Witchers are rumored to have supernatural powers, but it’s actually their reliance on ability-granting potions that started said rumors (and their cat-like eyes of course). Before each battle you are encouraged to drink a concoction of elixirs that can grant you various stat buffs, but you can only drink as much as your body will allow. Every potion has an overall toxicity to it so you can’t just drink everything you have, you have to balance the benefit of the potion with how much you can consume.
Everything about The Witcher 2: Assassins of Kings (Enhanced Edition) is a balancing act. From the strategic combat to the layered story, CD Projekt balances what the player expects from an action game and what they expect from an RPG. The player is also expected to balance their time between playing the game and reading about the meticulously detailed world Andrzej Sapkowski created to get the most out of the experience. Aside from a few graphical hiccups, The Witcher 2: Assassins of Kings is a tour de force that shouldn’t be missed by any XBox 360 or PC owner.
Like a good rated R movie, The Witcher 2: Assassins of Kings doesn’t shy away from giving the viewer a healthy dose of sex to go with the violence. As Geralt of Rivia you’ll of course be able to bed your main squeeze, busty redhead Triss Merigold, but if you play your cards right you’ll also be able to do the dirty deed with other characters as well.
I know, I know. You want to hear the answer to the million dollar question: Are the sex scenes in The Witcher 2 as hot as everyone says they are? Oh yes my friends, they are.
If you are familiar with how the late-night sex scenes are handled on Cinemax, then you have a good idea of what to expect here – Basically hardcore without showing any penetration or genitals. I was pleasantly surprised to see Geralt take one of his lovely conquests doggy style in a fountain (I’m being vague so as to not spoil any surprises). The sexual encounters are tastefully done but definitely more hardcore than the ones found in the God of War series.

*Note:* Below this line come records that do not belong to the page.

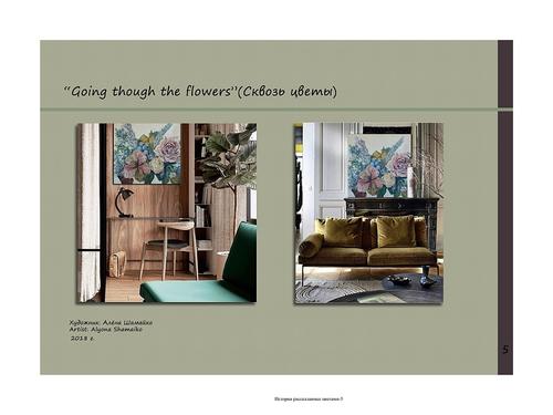 Коллекция, представленная на выставке, создавалась для персонализации помещений в современном интерьере. Этим обусловлена техника выполнения рисунка. Задачей автора было создать картины, способные превратить лаконичный интерьер в живое дышащие пространство. Художница желает в канун Нового года сделать подарок родным, друзьям, посетителям: скрасить тусклые, пасмурные дни ярким многоцветием, вызвать приятные воспоминания о солнце и тепле, которых так не хватает в это время.
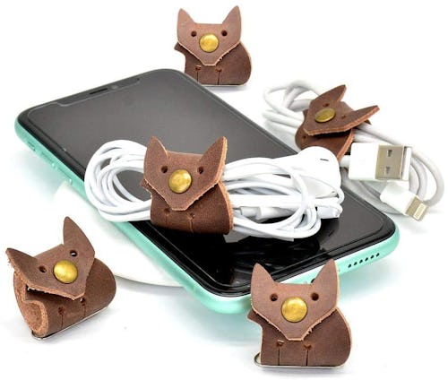 Keep your cords neat and prevent tangling (and frustration) with these sleek leather cord organizers. Ideal for headphones, USB cables, and more, these rustic cord keepers are durable and look even better with age. Each order comes with five cord organizers, and they look like cute little animals.
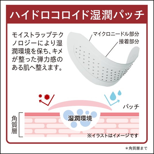 ハイドロコロイド湿潤パッチを採用。角質層への美容液成分の浸透*1をサポート。モイストラップテクノロジーにより湿潤環境を保ち、キメが整った弾力感のある肌へ整えます。

Unlike God of War though, there is a lot less random nudity and exposed breasts in Witcher 2. One thing I always loved about Kratos’ adventures is that he would regularly run into hot Greek chicks with their boobs hanging out (Oracle of Athens, Lahkesis, etc). But, what Geralt’s time in the Pontar Valley lacks in nip-slips it more than makes up for in busty women.

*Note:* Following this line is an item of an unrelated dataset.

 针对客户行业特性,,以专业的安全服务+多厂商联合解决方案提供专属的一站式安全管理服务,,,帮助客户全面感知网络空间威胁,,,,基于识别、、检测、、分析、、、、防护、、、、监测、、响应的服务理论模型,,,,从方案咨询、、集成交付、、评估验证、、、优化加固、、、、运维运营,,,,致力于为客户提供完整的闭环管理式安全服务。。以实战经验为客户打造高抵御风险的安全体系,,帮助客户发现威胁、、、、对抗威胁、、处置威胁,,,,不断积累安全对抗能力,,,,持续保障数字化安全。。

The character models in The Witcher 2, from Triss Merigold to the whores in Flotsam, are all highly detailed and wonderfully curvy. Even when Triss and Vernon Roche’s female soldier Ves are fully clothed, you can always make out their supple round asses through their tight pants. The sorceresses that inhabit Geralt’s world have a penchant for wearing low cut dresses and have runic tattoos on their chests giving you more of a reason to look down at them. As a bonus, most of the “working women” usually have decent sized tits spilling out of their tops as you talk to them.
While the sex in The Witcher 2: Assassins of Kings (Enhanced Edition) isn’t as frequent as I would have hoped, when it does happen the viewer is treated to some of the best video game intercourse to date. This is helped by the fact that each female character model is expertly crafted and genuinely beautiful to look at, with or without clothes on. The fact that the sex scenes are this hot and the game is this good should make The Witcher 2 a must-buy for any XBox 360 or PC owner.